Cocoa prices are the most direct factor. Cocoa futures surged dramatically through 2024 and peaked in late 2025 at historic highs, driven by poor harvests in West Africa, climate disruption, and tightening global supply. J.P. Morgan commodity analyst Tracey Allen described it plainly: the hangover from Q4 2025’s cocoa price spike carried straight into 2026, creating a historic increase in production costs while retailers refused to let brands pass those costs on to consumers.

For a brand like Lammes, making chocolate-coated pralines by hand at scale, that squeeze was severe.

Other pressures compounding the problem:

  • Labor costs rising across Texas
  • General inflation pushes up packaging, utilities, and ingredient costs.
  • Consumers are pulling back on premium and specialty sweets in favor of mass-market options (Hershey, Mars) during tight economic times.
  • Brick-and-mortar retail continues to lose ground to e-commerce.

The family’s statement captured the emotional weight of it: “Lammes Candies has been more than a business; it has been a family legacy spanning generations. We are deeply grateful to our employees, customers, and community for their unwavering support over the past 141 years.” (Source)

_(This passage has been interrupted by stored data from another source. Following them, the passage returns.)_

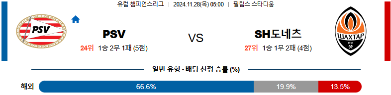[킹콩티비]11월 28일 PSV vs 샤흐타르 UEFA CL 해외축구분석 무료중계 스포츠분석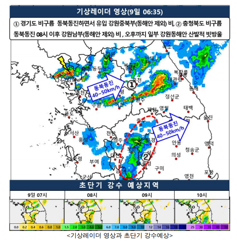 한편, 충청북도에 위치한 위치한 비구름(②)은 동북동진함에 따라 08시 이후부터 강원영서남부(영월, 정선)와 태백에 비가 내리겠다.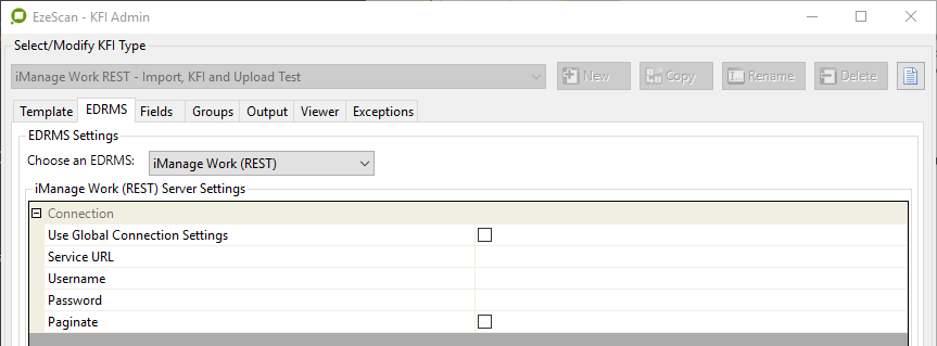 When configuring a Job, KFI or Upload to use the iManage Work connector the connection settings must be filled in.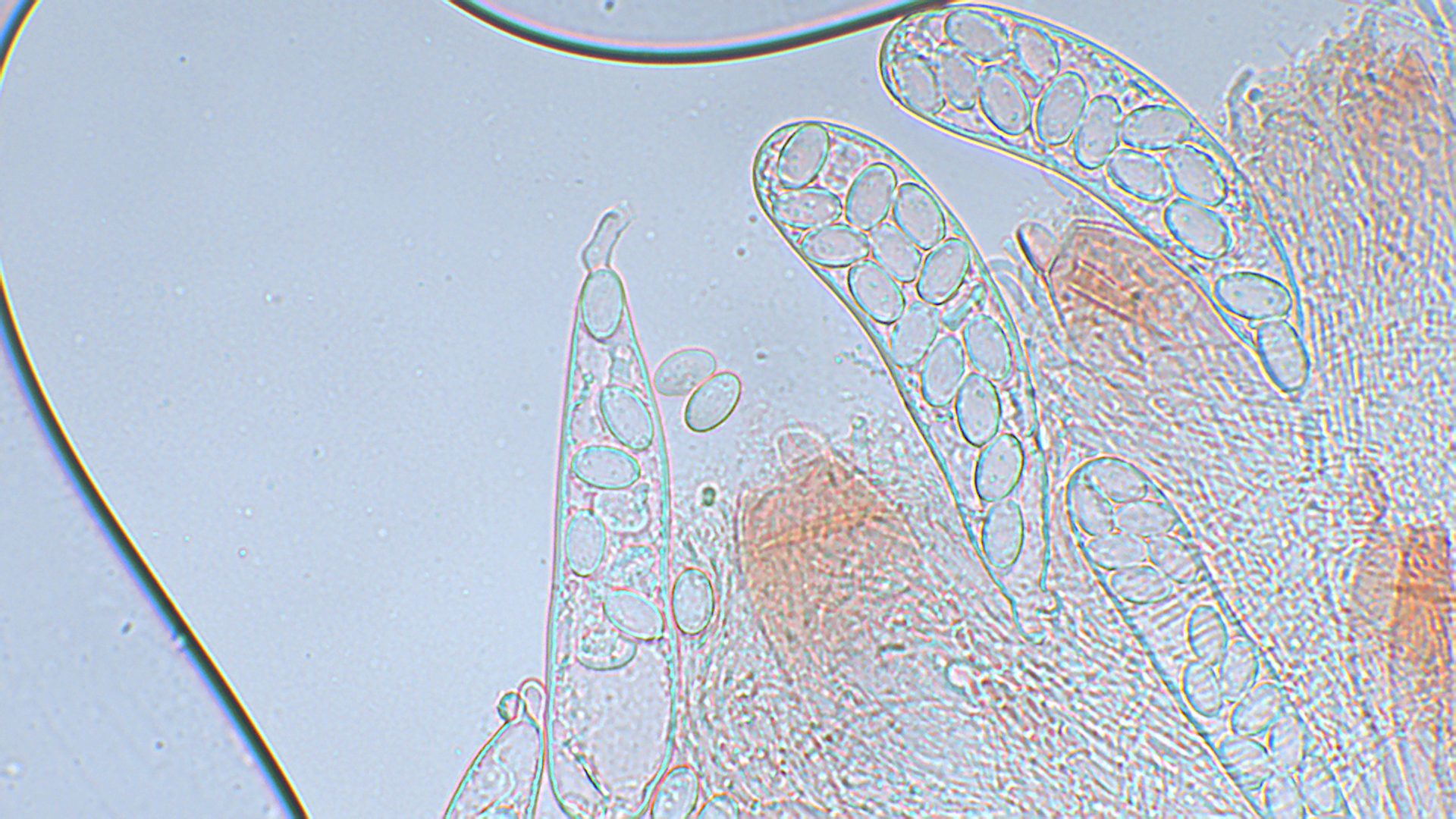 Die Sporen waren zwischen 11-12,5X6-7,7 groß. Viele waren noch am unteren Rand (oder darunter) von dem, was c. sexdecimsporus eigentlich haben sollte, aber ich denke mal, dass sie einfach noch nicht reif waren. In den Asci waren 16 Sporen.

What Happens Next for Lammes Candies?

The Lammes Candies last day for the Airport Blvd. The store has not been officially announced yet. The company said it wants to give customers time to visit and purchase before closing. Here is the current situation:

  • Online store remains open at lammes.com while inventory lasts
  • Existing orders will be fulfilled
  • Employees will be supported through the termination process
  • Brand sale or licensing, no announcement has been made; this remains unknown

If you want one last box of Texas Chewy Pralines, ordering online now is likely your safest option.

This is Not Just a Lammes Problem: Candy Retail is Under Serious Pressure

The Lammes Candies closing did not happen in isolation.

Just two weeks earlier, on April 15, 2026, Kate Weiser Chocolate, a beloved 12-year-old Dallas artisan chocolate brand, also shut down. Two premium Texas candy stores closing within two weeks of each other tells you something about where the industry is right now.

The broader pattern behind 2026 candy store closures:

Factor Impact on Small Candy Makers
Cocoa prices up ~300% since 2022 Direct hit to margins
Mass-market brands absorb costs better Consumers trade down to Hershey, Mars
Brick-and-mortar lease costs rising Fixed costs harder to justify
E-commerce shift Fewer people walking into specialty stores
Post-pandemic spending pullback Non-essential premium items cut first

Big candy corporations have leverage, they can renegotiate supplier contracts, reformulate products, and spread costs across massive volume. A family-run shop producing 2,000 pounds of pralines a day simply does not have that cushion.

The historic candy store closing of Lammes is a visible marker of a quieter collapse happening across specialty food retail. When ingredient costs spike and consumers tighten, the boutique operators, the ones with actual recipes, actual history, actual craft, are often the first to go.

The Bottom Line

Lammes Candies closed 2026 marks the end of Austin’s oldest continuously family-owned business. Founded in 1885, survived a poker game, survived two wars, survived decades of retail change, and ultimately could not outlast cocoa prices and inflation in 2026.

The Round Rock store is already dark. The Airport Blvd. flagship will follow, closing date still to be confirmed. The online store is the last thread.

If you grew up in Austin stopping at that candy counter, buying pralines for your mom, grabbing a box of Longhorns before the holidays, or just knowing that place was always going to be there, that feeling makes sense. It was genuinely one of a kind.

You can still order at lammes.com for now. While it lasts.